### DATASET EXTRACT

- Opening Delimiter -

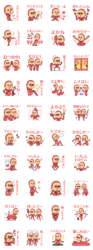 明太子カラーの「ぷりてぃツイン」。九州/福岡県のかわいい方言、博多弁のLINEスタンプ。ありふれた日常のやりとりにシュールなユーモアで彩を。
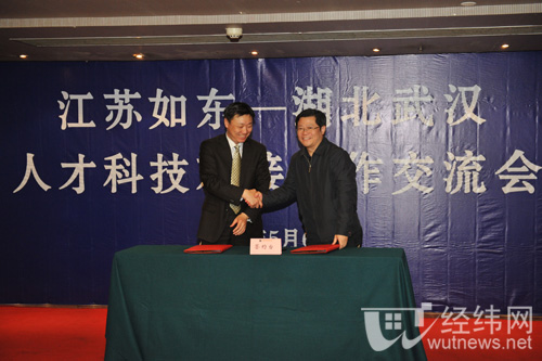 为深化人才强县战略,大力实施镇校联姻、教授博士柔性进企业等重点人才工程,2014年5月6日下午,如东县县委、县政府在武汉举办人才科技合作交流会。会议邀请了武汉大学、华中科技大学等7所高校的校领导、相关部门负责人和专家参加会议,十大买球王乾坤副校长受邀率科发院、组织部、宣传部、就业指导中心、材料学院、化生学院、信息学院、自动化学院的有关部门负责人和专家出席会议。
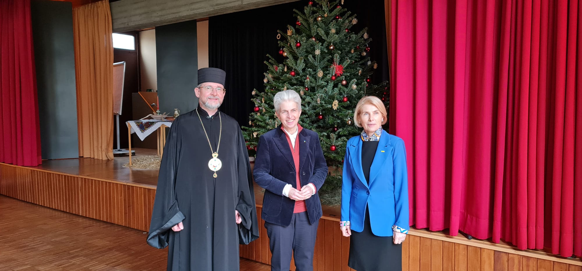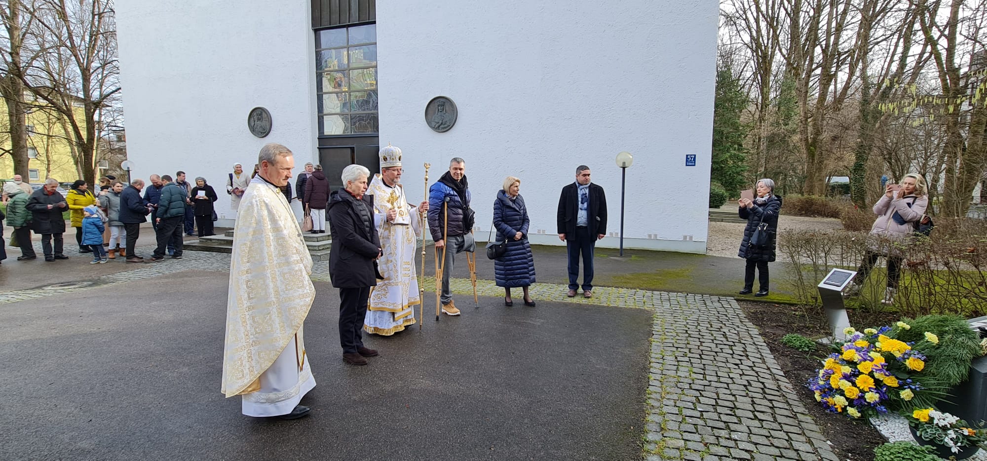 Die Freude bei den Verantwortlichen der Ukrainischen Freien Universität (UFU) in München war groß, als vor einigen Wochen die Zusage für einen halbtätigen Besuch von einer der derzeit bekanntesten Abgeordneten im Deutschen Bundestages feststand: Die Vorsitzende des Verteidigungsausschusses Dr. Marie-Agnes Strack-Zimmermann, MdB, folgte am 14. Januar der Einladung von Rektorin Prof. Dr. Maria Pryshlak nach München, um Institutionen und Vertreterinnen und Vertreter der Ukrainischen Diaspora zu besuchen und kennenzulernen. Bevor es an die UFU ging, kam Dr. Strack-Zimmermann in der griechisch-katholischen Kathedrale Maria Schutz zum Ausgang des Festgottesdienstes anlässlich des nach dem julianischen Kalender Neujahrstages hinzu. Der Kinderchor der Gemeinde, der derzeit auch Kinder von Kriegsflüchtlingen in seinen Reihen hat, führte einige Lieder auf. Im Anschluss gedachte die Abgeordnete gemeinsam mit dem Apostolische Exarch für Deutschland und Skandinavien Bischof Dr. Bohdan Dzyurakh der Opfer des Holodomor von 1932/33. In seiner Resolution vom 30.11.2022 hatte der Bundestag den Holodomor als Genozid am ukrainischen Volk anerkannt. Viele der anwesenden Gemeindeglieder hatten in dieser Zeit aus ihren Reihen Familienmitglieder verloren.

- Closing Delimiter -

### EXERCISE REQUIREMENTS
If you see a picture in the listing, skip it while copying everything else exactly.

### OUTPUT FOR THIS TASK
 明太子カラーの「ぷりてぃツイン」。九州/福岡県のかわいい方言、博多弁のLINEスタンプ。ありふれた日常のやりとりにシュールなユーモアで彩を。
 为深化人才强县战略,大力实施镇校联姻、教授博士柔性进企业等重点人才工程,2014年5月6日下午,如东县县委、县政府在武汉举办人才科技合作交流会。会议邀请了武汉大学、华中科技大学等7所高校的校领导、相关部门负责人和专家参加会议,十大买球王乾坤副校长受邀率科发院、组织部、宣传部、就业指导中心、材料学院、化生学院、信息学院、自动化学院的有关部门负责人和专家出席会议。
 Die Freude bei den Verantwortlichen der Ukrainischen Freien Universität (UFU) in München war groß, als vor einigen Wochen die Zusage für einen halbtätigen Besuch von einer der derzeit bekanntesten Abgeordneten im Deutschen Bundestages feststand: Die Vorsitzende des Verteidigungsausschusses Dr. Marie-Agnes Strack-Zimmermann, MdB, folgte am 14. Januar der Einladung von Rektorin Prof. Dr. Maria Pryshlak nach München, um Institutionen und Vertreterinnen und Vertreter der Ukrainischen Diaspora zu besuchen und kennenzulernen. Bevor es an die UFU ging, kam Dr. Strack-Zimmermann in der griechisch-katholischen Kathedrale Maria Schutz zum Ausgang des Festgottesdienstes anlässlich des nach dem julianischen Kalender Neujahrstages hinzu. Der Kinderchor der Gemeinde, der derzeit auch Kinder von Kriegsflüchtlingen in seinen Reihen hat, führte einige Lieder auf. Im Anschluss gedachte die Abgeordnete gemeinsam mit dem Apostolische Exarch für Deutschland und Skandinavien Bischof Dr. Bohdan Dzyurakh der Opfer des Holodomor von 1932/33. In seiner Resolution vom 30.11.2022 hatte der Bundestag den Holodomor als Genozid am ukrainischen Volk anerkannt. Viele der anwesenden Gemeindeglieder hatten in dieser Zeit aus ihren Reihen Familienmitglieder verloren.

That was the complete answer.